Records from a collection

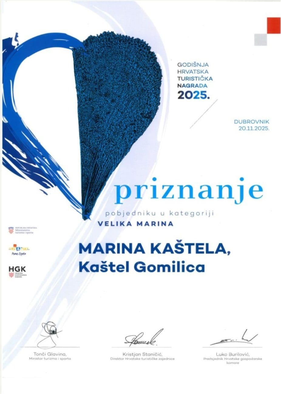 Ovogodišnje priznanje rezultat je standarda koje Marina Kaštela predano njeguje već dugi niz godina. Stručna komisija posebno je istaknula visoku razinu sigurnosti i kvalitete usluge, cjelovitu ponudu nautičkih i charter sadržaja, održivo upravljanje prostorom i brigom o okolišu te snažnu povezanost sa zajednicom. Ulaganja u sport, kulturu i dugogodišnji humanitarni rad sastavni su dio modela razvoja koji Marina Kaštela gradi više od dva desetljeća, a koji je prepoznat i nagrađen kao primjer dobre prakse u hrvatskom turizmu.
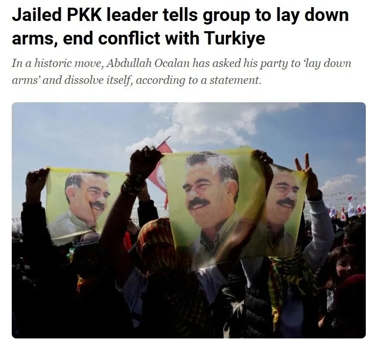 Al Jazeera, "Abdullah Öcalan'ın tarihi bir adım atarak PKK'dan 'silah bırakmasını' ve partiyi feshetmesini istediği bildirildi." sözlerine yer verdi. Haberde, silahsızlanma çağrısının hayata tamamen geçmesi halinde bunun "Orta Doğu'da gerçekleşen en dönüştürücü olaylardan biri" olacağının altı çizildi.
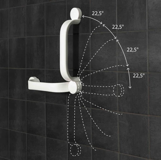 Stödhandtagets genomtänkta form och yta ger ett stadigt grepp även om händerna eller handtagen är blöta. Den triangulära formen och det tydliga tumgreppet förstärker tryggheten.
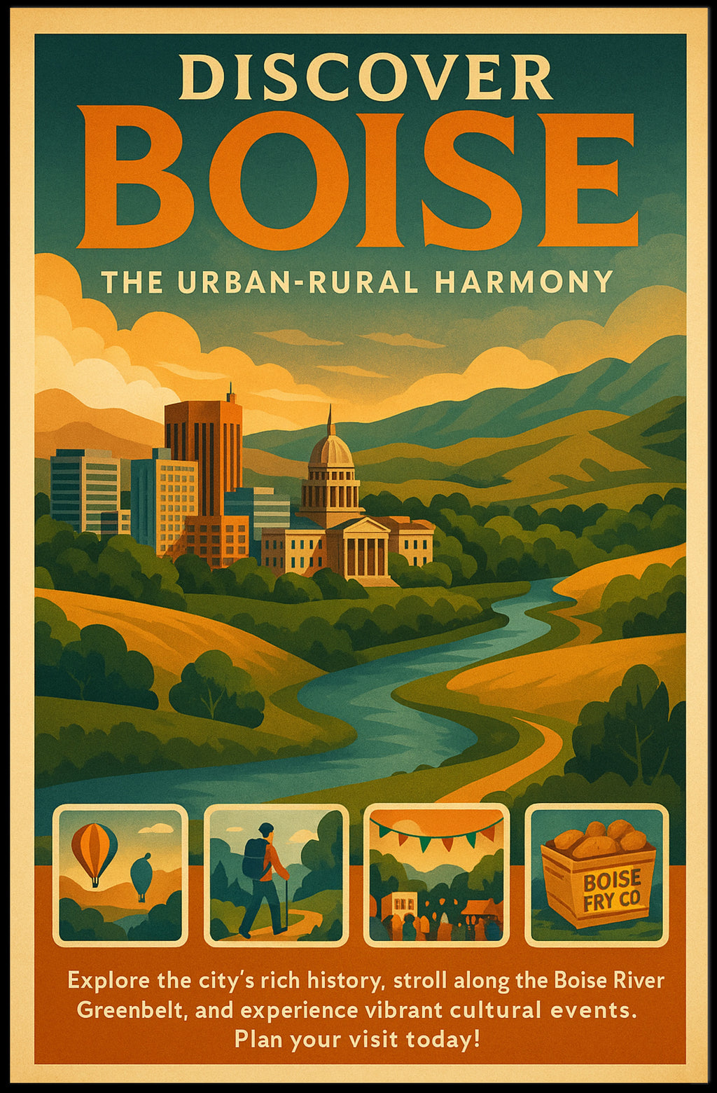 Boise Harmony: Urban and Rural Travel Poster by PosterGoat captures Idaho's capital in a nostalgic pop-art style — a scenic celebration of the Boise River Greenbelt, the Idaho State Capitol silhouette, rolling foothills, and the energetic cityscape framed in a warm, vintage color palette.
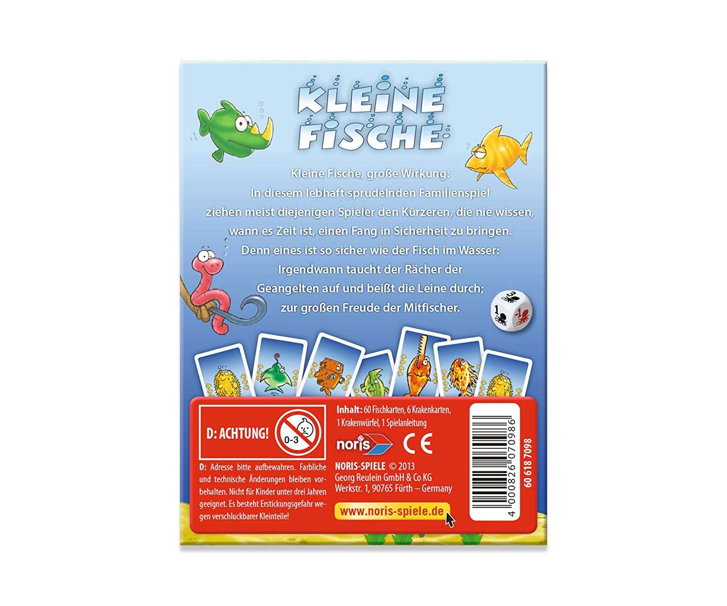 カードをめくって書かれた魚の得点を効率よく集めていくゲームで、結果的に魚カードは各種1枚しか得点なりません。何枚かめくっていきこの手番に既に出た同じ種類の魚が出たときか、タコカードをめくった時点で強制終了、同じ種類の魚カードの間にめくったカードが場に流れます。
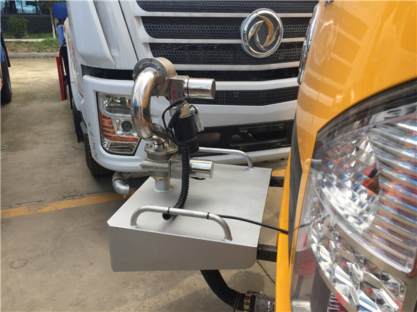 除了改變前沖噴頭的形式外,當灑水車標準配備三彎前沖時,受到底盤影響,如:采用福田小卡底盤時,由于灑水車前部過低,一般會將前沖噴頭位置改裝在駕駛室和罐體下方,俗稱“腰沖”,可有效避免上坡或路況差時對噴頭產生沖擊而造成的損壞。還可根據客戶要求對前沖噴頭加裝氣動或電氣控球閥,以方便司機不出駕駛室即可操控灑水噴頭的開關。
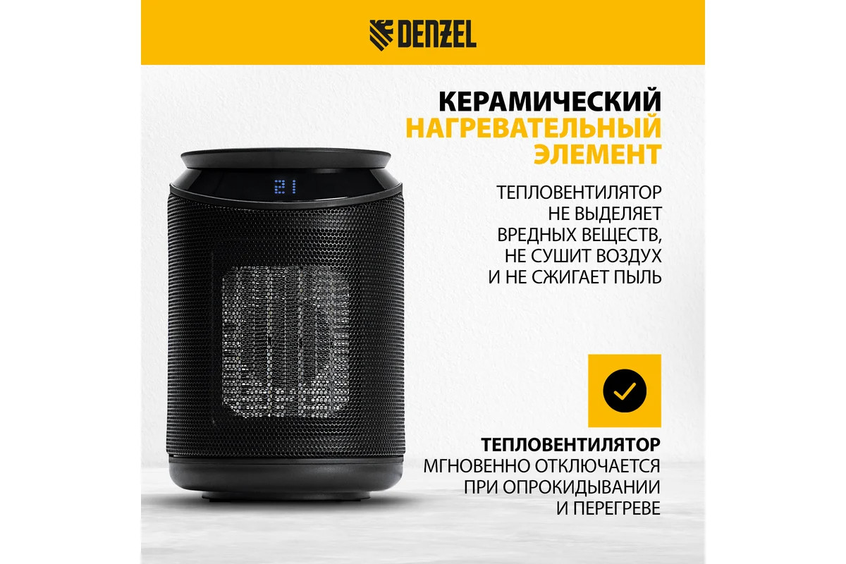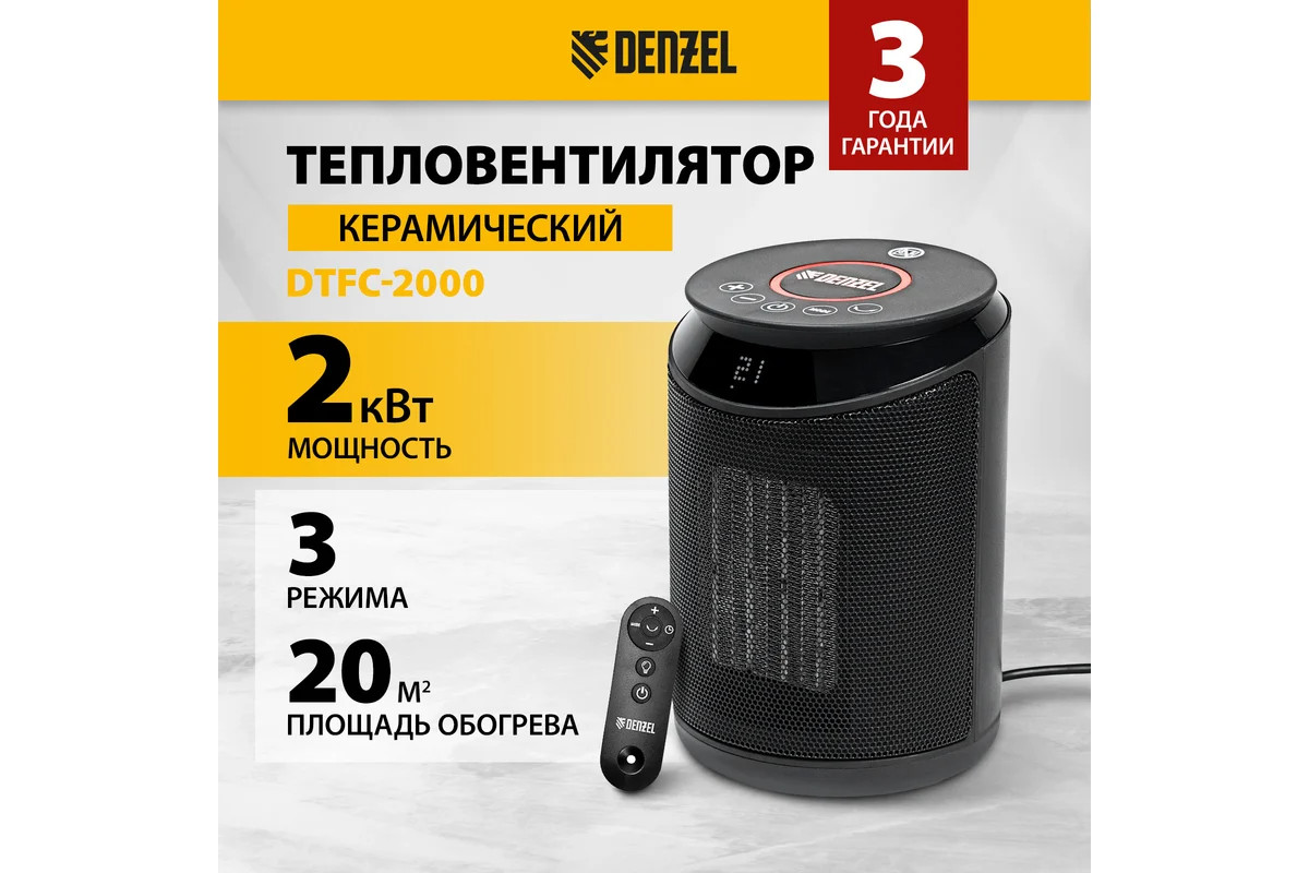 Электрический тепловентилятор Denzel DTFC-2000, керамический, пульт, 3 режима, вентилятор, нагрев 1000/2000 Вт 96419 с керамическим нагревательным элементом предназначен для обогрева и вентилирования бытовых помещений площадью до 20 м.кв.
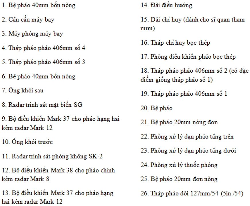 Dàn pháo chính gồm chín khẩu pháo 16 inch/50 bố trí trong ba tháp pháo ba nòng. Đây là loại pháo mới và đã vượt qua các thử nghiệm thành công vào năm 1940. Mỗi tháp pháo có kính ngắm 39 feet và có thể điều khiển tại chỗ. Hệ thống điều khiển hỏa lực trung tâm sử dụng hai kính ngắm lập thể dài 26 feet. Một kính để đo cự ly mục tiêu, còn kính kia đo điểm rơi của đạn pháo tàu bắn ra. Một máy tính cơ điện được lắp đặt để tính toán tầm bắn và góc bắn.
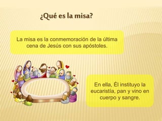 La misa es la conmemoración de la última cena de Jesús y la institución de la eucaristía. Se divide en dos partes: la liturgia de la palabra, que incluye lecturas bíblicas, salmos y homilía; y la liturgia eucarística, en la que el pan y el vino se convierten en el cuerpo y la sangre de Cristo mediante la consagración para que los fieles lo reciban en la comunión.
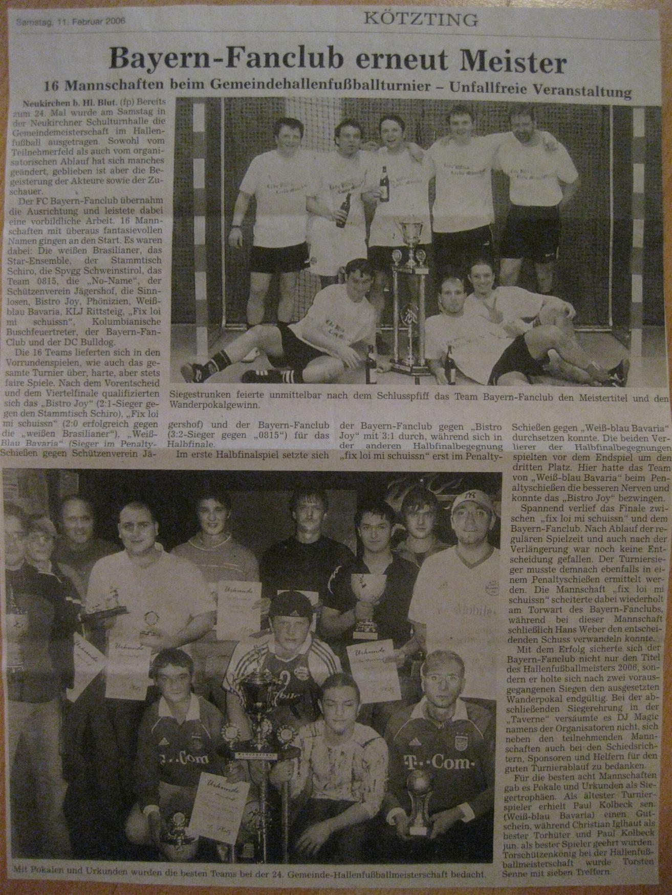 Artikel vom 11.02.2006 - Gemeinde-Hallenturnier in Neukirchen; 1. Platz
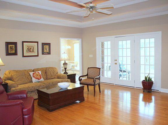 MOVE IN READY IN WEST LEE COUNTY! (1) 1 Level, Brick, 4 Bedroom Home on +/-1.03 Acre lot! (2) Open Dining Room with Cathedral Ceiling & Living Room w/ Trey Ceiling, Hardwood Floors, Fireplace & Recessed lighting (3) Separate Sun Room w/ AC, perfect play room or den (4) Kitchen with excellent counter & cabinet space, pantry & large deep drawers for storage (5) Laundry Room with additional storage (6) Split Bedroom Design (7) Large Master Suite with Walk-in Closet, Separate Tub & Shower & Double Vanity (8) 3 additional guest bedrooms with nice closet space & Guest bath with 2 Double Sinks (9) Double Garage w/ Large Storage Room (10) Established Landscaping, Private Fenced Patio, Pecan Trees & Bordering Green Space! Call for more information!

#### Task to complete:
Skip every picture, and restate word for word only the lines above from the line containing "Stödhandtagets genomtänkta form" to the line containing "Artikel vom 11.02.2006", both of them included.

#### The completed task:
 Stödhandtagets genomtänkta form och yta ger ett stadigt grepp även om händerna eller handtagen är blöta. Den triangulära formen och det tydliga tumgreppet förstärker tryggheten.
 Boise Harmony: Urban and Rural Travel Poster by PosterGoat captures Idaho's capital in a nostalgic pop-art style — a scenic celebration of the Boise River Greenbelt, the Idaho State Capitol silhouette, rolling foothills, and the energetic cityscape framed in a warm, vintage color palette.
 カードをめくって書かれた魚の得点を効率よく集めていくゲームで、結果的に魚カードは各種1枚しか得点なりません。何枚かめくっていきこの手番に既に出た同じ種類の魚が出たときか、タコカードをめくった時点で強制終了、同じ種類の魚カードの間にめくったカードが場に流れます。
 除了改變前沖噴頭的形式外,當灑水車標準配備三彎前沖時,受到底盤影響,如:采用福田小卡底盤時,由于灑水車前部過低,一般會將前沖噴頭位置改裝在駕駛室和罐體下方,俗稱“腰沖”,可有效避免上坡或路況差時對噴頭產生沖擊而造成的損壞。還可根據客戶要求對前沖噴頭加裝氣動或電氣控球閥,以方便司機不出駕駛室即可操控灑水噴頭的開關。
 Электрический тепловентилятор Denzel DTFC-2000, керамический, пульт, 3 режима, вентилятор, нагрев 1000/2000 Вт 96419 с керамическим нагревательным элементом предназначен для обогрева и вентилирования бытовых помещений площадью до 20 м.кв.
 Dàn pháo chính gồm chín khẩu pháo 16 inch/50 bố trí trong ba tháp pháo ba nòng. Đây là loại pháo mới và đã vượt qua các thử nghiệm thành công vào năm 1940. Mỗi tháp pháo có kính ngắm 39 feet và có thể điều khiển tại chỗ. Hệ thống điều khiển hỏa lực trung tâm sử dụng hai kính ngắm lập thể dài 26 feet. Một kính để đo cự ly mục tiêu, còn kính kia đo điểm rơi của đạn pháo tàu bắn ra. Một máy tính cơ điện được lắp đặt để tính toán tầm bắn và góc bắn.
 La misa es la conmemoración de la última cena de Jesús y la institución de la eucaristía. Se divide en dos partes: la liturgia de la palabra, que incluye lecturas bíblicas, salmos y homilía; y la liturgia eucarística, en la que el pan y el vino se convierten en el cuerpo y la sangre de Cristo mediante la consagración para que los fieles lo reciban en la comunión.
 Artikel vom 11.02.2006 - Gemeinde-Hallenturnier in Neukirchen; 1. Platz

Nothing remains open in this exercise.